Я возмутился. И у них махинации. Я мучился, а ему подари!.. Ишь ты… Нет уж… Своим горбом…
– Дурак ты, – сказал он и отвернулся.
И опять он был прав. Он не мог мне ничего подсказать. В моей жизни его еще не было. А я в его жизни уже был. Значит, не он «мой опыт», а я его.
И я в своей жизни поступал по-всякому, так и эдак. И из поступков таких же, как я, гавриков сложилось его «настоящее» время, в котором он живет и как-то ведет себя. Но кто-то, видно, додумался. Потому что оно существовало – его время. И я его видел со смотровой площадки – чудо, что за долина, и такой покой.
И если я вернусь в свое «настоящее», и моя дурацкая идея будет иметь успех, и действительно Апокалипсис отменят из-за хохота – я буду в их списке приглашенных. А если уж моя фундаментальная идея верна (насчет творчества и его причины – восхищения), то она верна и для его времени. А уж у них – свои проблемы. Иначе не бывает. Он был прав. Я же сам так поступал. У будущего не спросишь, от него – только Образ, у каждого свой, желанный максимум или максимальный кошмар. Но ведь я сам весь, со своими потрохами, моим самомнением и надеждами, был результатом бесчисленных попыток прошлого.
– Знаешь, чего не может знать даже бог? – говорю.
– Чего? – Он быстро обернулся.
– Не может знать, чего он сам захочет в будущем. Он открыл рот… А я закрыл свой.
Надо было все пересматривать и проверять. Дело было нешуточное.
Я дружелюбно похлопал его по плечу и вернулся в свое время – отменять Апокалипсис дурацким способом.
Я надеялся, что для дурацкого дела только такой и годился.
3
… ная телеграмма! – Расслышал я голос женщины, чем-то испуганной. – Протопопов!.. Товарищ Протопопов, срочная телеграмма!
У меня душа начала скучно леденеть. Женщина боялась крупного ушастого щенка, который мотался по участку и лез ко всем с тяжелыми ласками. Но я тогда не обратил внимания на эту простую причину испуга почтальонши, которая выкликала меня из-за калитки дачи, где я жил. У меня на это тоже были причины.

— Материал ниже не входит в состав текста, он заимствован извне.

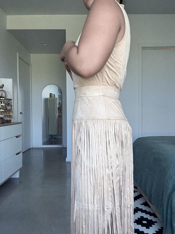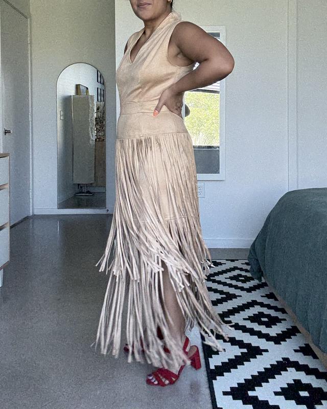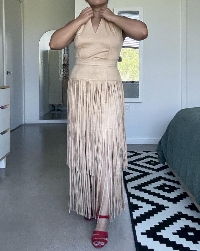 The material is substantial and super high quality. Will make for a great transition-to-fall dress (and you can layer it with a turtleneck underneath once it gets too cold). Oh and the biggest bonus point is the fringe moves GORGEOUSLY
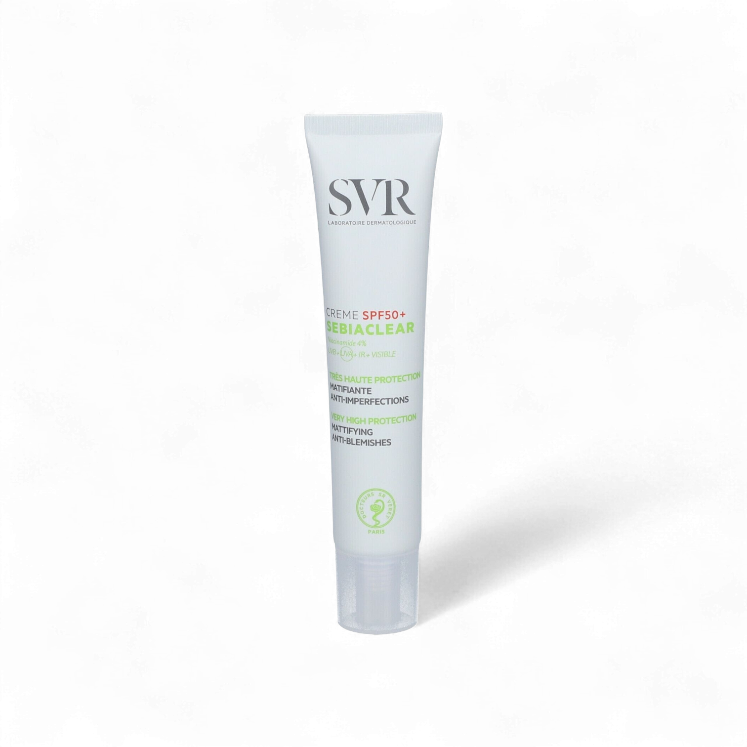 SVR Sebiaclear Cream SPF 50+ is a dual-action sun protection and skincare treatment designed specifically for oily and acne-prone skin. This advanced 2-in-1 formula offers very high protection against UVB, UVA, visible, and infrared rays while actively reducing imperfections, blackheads, and post-acne marks. Enriched with sebum-regulating and mattifying agents, it helps prevent pore clogging and UV-induced rebound breakouts. The lightweight, non-greasy texture provides 8-hour hydration and a smooth matte finish, ideal for daily use as a day cream. Eco-designed with 50% recycled plastic and a 100% recyclable tube, it combines efficacy, skin respect, and environmental care. Made in France.

Протопопов – это я, Акакий Протопопов. Имя и фамилию я себе выбрал в этом романе достаточно нелепые, чтобы не подумали, что я как-нибудь героически выпячиваюсь или «якаю». Поэтому несколько игривый тон даже тогда, когда я описываю случаи, когда мне худо, проистекает из того соображения, что для истинного художника любой финал – это не прекращение искусства, а всего лишь начало другого этапа. Пластинка кончилась, иголка хрипит, значит, пришло время другой музыки. Не надо только заранее бояться, что пластинка сломается. Все равно все помрем, чего уж там.
Я помню одного дурачка (это был я), который долго рыдал на трофейном фильме про жизнь Рембрандта и красиво возжелал себе такую судьбу, и это потом влияло на его судьбу. Рембрандта из него, естественно, не вышло, но лиха он хватил предостаточно.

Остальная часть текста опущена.